Furthermore, Luz et al. (2014) insist that in our article we described a “novel ELISA” and it seems that the group are not aware of the many instances in the literature in which this test was employed. For instance, the cocktail was used in its primary form as Ov10, Ov11 and Ov29 by Guderian et al. (1997), in Ecuador, by Bradley et al. (1998) and Shelley et al. (2001) and because of the cross reactions in some areas, the latter antigen was replaced in the cocktail by Ov16 in the studies of Rodríguez-Pérez et al. (2003) and in the Oaxaca focus in Mexico (Rodríguez-Pérez et al. 2008).

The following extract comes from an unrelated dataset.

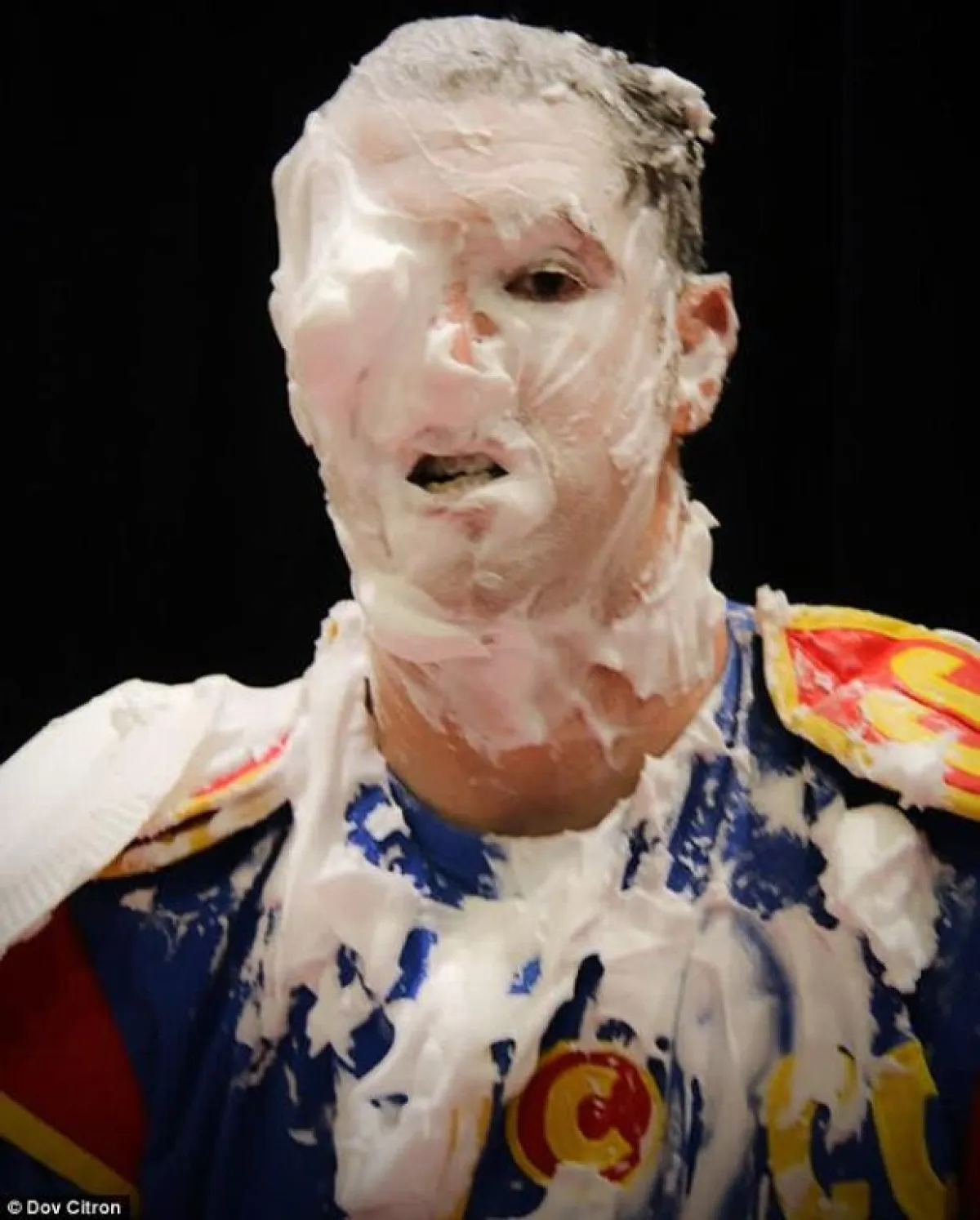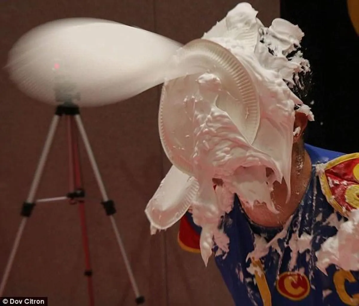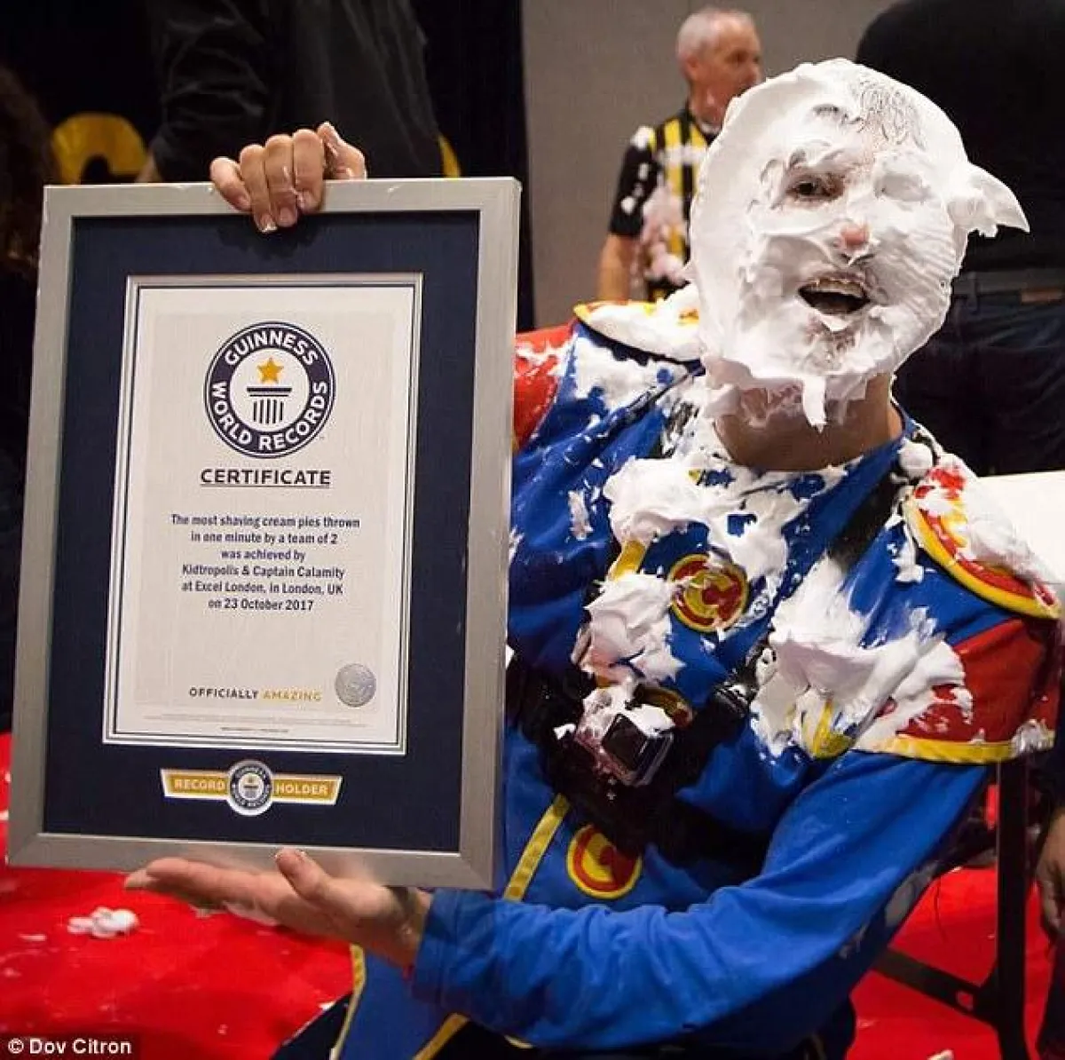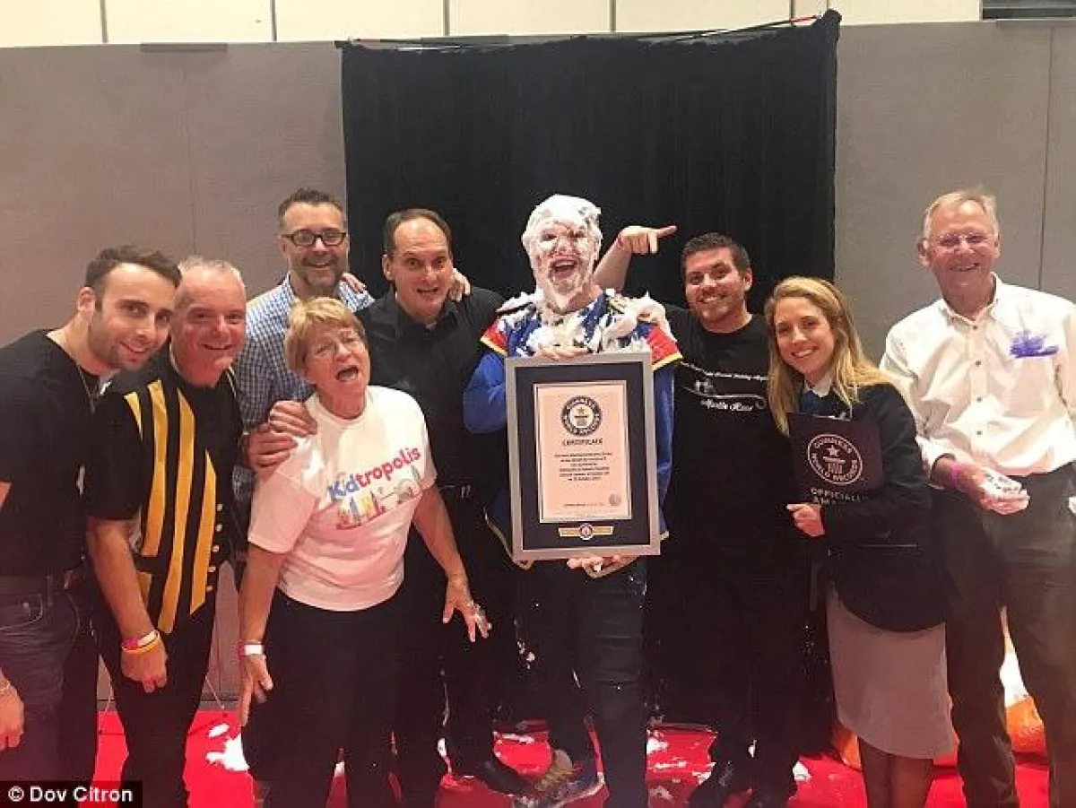وتمكن ديف سيترون من إلقاء 72 صحن رغوة حلاقة على وجه صديقه بول ميجرام، خلال دقيقة واحدة، ليكسرا بذلك الرقم القياسي السابق، وهو 71 فطيرة فقط، وذلك من مسافة تصل إلى متر ونصف.

In their last noted concern, Luz et al. (2014) refer to the existence of typical and atypical microfilarial forms of M. ozzardi in the study area and note that a similar form was found in Peru. We would like to emphasise that I have carried out the morphological identification of the atypical microfilarias found in Peru (Arrospide et al. 2012) in close collaboration with local researchers and of course we do not know if the atypical forms found in Brazil have the same characteristics. But, for instance, according to Shelley (2002) only M. ozzardi was present in the reported area and that was confirmed by a study of parasite DNA by Morales-Hojas et al. (2001). Yet, in the article of Tang et al. (2010), the group of Dr. Luz report a test for distinguishing sympatric filarial species in Brazil, including Mansonella perstans, but until now, neither their group nor any others that suggest the existence of this filarial species in Brazil have been able to prove or show any consistent epidemiological data related to it.